Estimation of Prosodic Features for Personalized Voice Assistant Interaction
Loading...
Authors
Monir, Tahosina
Date
2025-01
Type
other
Language
en
Keyword
Alternative Title
Abstract
The rapid adoption of voice-based assistive technologies has transformed how users interact with devices, yet many voice assistants fail to adapt to individual vocal characteristics. This limitation is particularly challenging for older adults, whose speech patterns may vary due to age-related factors such as reduced vocal strength or slower speech rates. This project addresses this gap by developing a machine learning-based approach to predict pitch and speech rate from voice data. We used the Common Voice dataset to extract acoustic and prosodic features such as MFCCs, spectral properties, and chroma features. Multiple machine learning models, including Linear Regression, Support Vector Regression, Random Forest, and XGBoost were evaluated where XGBoost demonstrated the best performance for both tasks. While the model for speech rate demonstrated robust accuracy with strong alignment between predicted and actual values, pitch prediction revealed areas for refinement, particularly at higher pitch ranges.
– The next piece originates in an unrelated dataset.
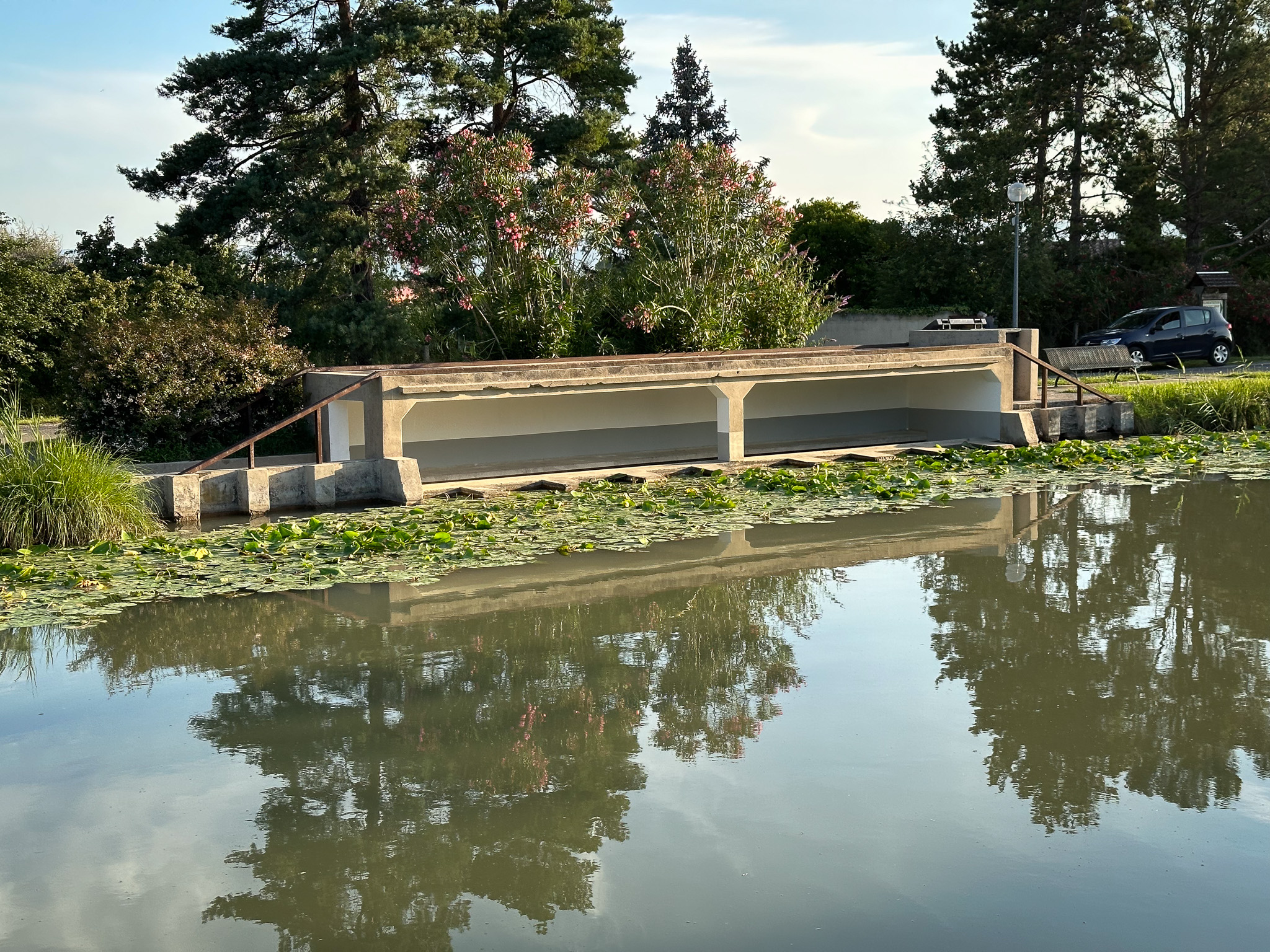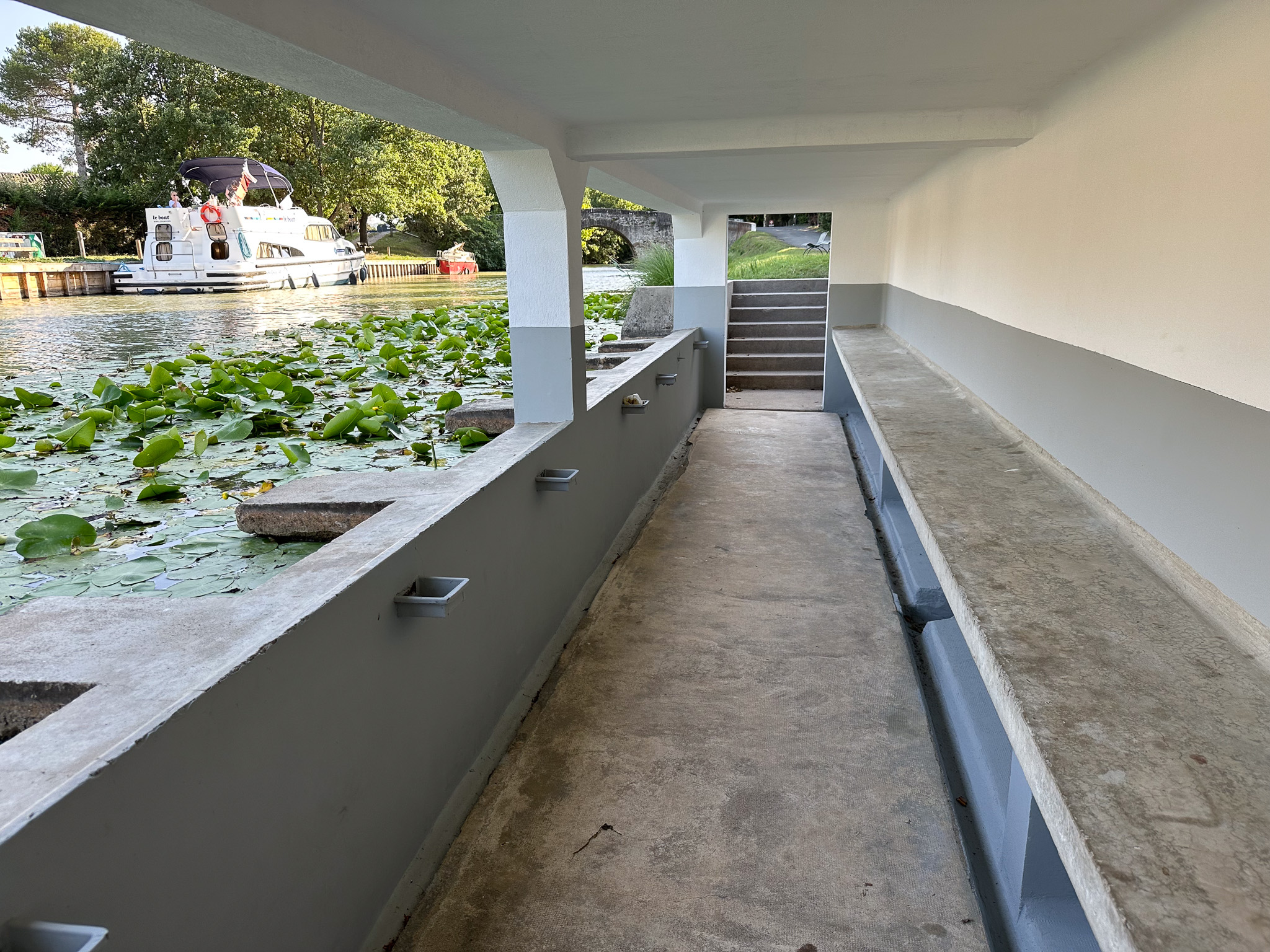 In several places we passed old washing stations or lavoirs. These were public places set aside for the washing of clothes. The one at Villesèquelande has been restored and even has a roof. Others were exposed and in various states of (dis)repair. No one would wash anything in the canal these days. We were horrified to learn that there is no requirement for any of the boats to have holding tanks. All boat sewerage is discharged directly into the canal making it more or less an open sewer. Surely something could be done to better manage this.

Feature importance analysis highlighted the critical role of spectral and temporal characteristics, such as MFCCs and duration, in capturing nuanced variations in speech patterns. SHAP analysis further validated these insights, showcasing feature-specific contributions to predictions. These findings pave the way for developing adaptive voice assistants capable of delivering personalized user interactions and enhance user engagement across a wide range of applications.